Silencer-fitted weapon used in attack on Army camp in Nagrota
Terrorists, who stormed the army camp at Nagrota in Jammu region on November 29, used a silencer-fitted weapon to kill a sentry before gaining entry into the premises, a tactic adopted by ‘fidayeen’ (suicide attackers) for the first time in the troubled state.
After sneaking into the camp from the rear side, which had thick vegetation that provided natural cover of elephant grass, one of the terrorists fired at the sentry using a silencer-fitted weapon, official sources said.
As someone noticed the fall of the sentry, panic gripped the army camp, which houses an artillery unit having presence of families of soldiers. Soon firing erupted.
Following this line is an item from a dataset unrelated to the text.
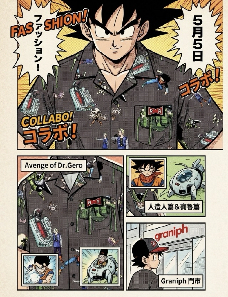 經典動漫《七龍珠 Z》再度與人氣服飾品牌「Graniph」攜手,於 5 月 5 日推出全新聯名系列。本次設計深度致敬「人造人篇」與「賽魯篇」,其中「蓋洛博士的復仇」系列最受矚目,將人造人 16 至 20 號、賽魯以及時光機元素融入寬版襯衫;而刻劃賽魯終戰名場面的「親子龜派氣功」T 恤,更生動再現悟飯與悟空共同奮戰的熱血瞬間。
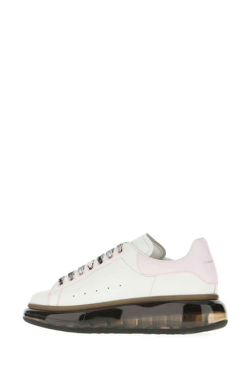 White leather sneakers with pink leather heel

The sources said night illuminators were fired to locate the terrorists who had by then entered an adjacent two-storey building where families of soldiers were staying.
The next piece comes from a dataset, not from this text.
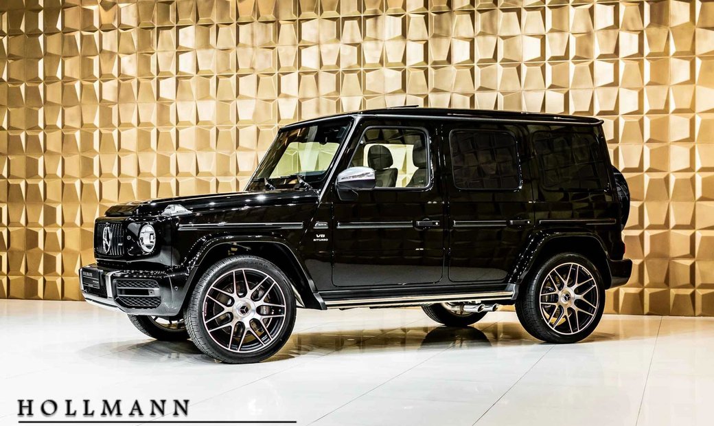 A black SUV with a sleek design and large wheels is displayed on a white floor against a golden wall with a geometric pattern. The SUV has a prominent grille, large windows, and a modern look. The word 'HOLLMANN' is written in white letters at the bottom of the image. | MERCEDES-BENZ G 63 AMG STRONGER THAN TIME | a62aca56014e997584967044783bc069a26b282665f35164f94ef03fd7df741d | 001065761276 | 0 | 0 | 50 | 7 | 0 | 0 | |
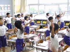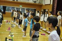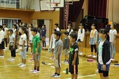 今日は雨天のため、校庭に一堂を会しての全体練習はできませんでしたが、教室や体育館に分散して練習を行いました。体育主任が、校内放送を利用して「ラジオ体操」「運動会の歌」「校歌」の練習を、リアルタイムで短時間に効果的に行いました。

Anticipating a hostage-like situation, the army troops with the help of para-commandos rescued the women and children first before launching a final onslaught on the terrorists.
Drones were pressed into the service which helped the snipers eliminate the terrorists inside the camp, the sources said.
Seven army personnel, including two officers, were killed in the attack by the three terrorists, who were also eliminated in the counteroffensive which lasted nearly four hours.
Seeking to joining the dots related to the attack, multiple security agencies have indicated that three attackers had infiltrated into India from across the international border at Hiranagar in Kathua district of Jammu region.
The security agencies had recovered an iCom wireless set near a tree in Hirnagar that matched the frequency of the sets carried by the militants, sources said.
Not ruling out the possibility of local assistance being provided to the terrorists, sources said they had possibly entered into India on the night of November 28-29 and travelled a distance of 78 kms to the army camp using a well connected national highway before mounting the assault in the morning.
Initially it was speculated that the terrorists could have travelled to the army camp from Kashmir, a possibility that was rejected after the vehicular movement was scrutinised from the CCTVs installed at vantage points along the national highway linking the Valley to the rest of the country.
There were some intelligence leads suggesting that a militant sympathiser from Poonch had ferried the terrorists to the army camp, they said.
BSF officials had initially rejected suggestions that terrorists entered through the international border but after the recovery of the wireless set, they started their internal probe. The case is now being probed by National Investigation Agency (NIA).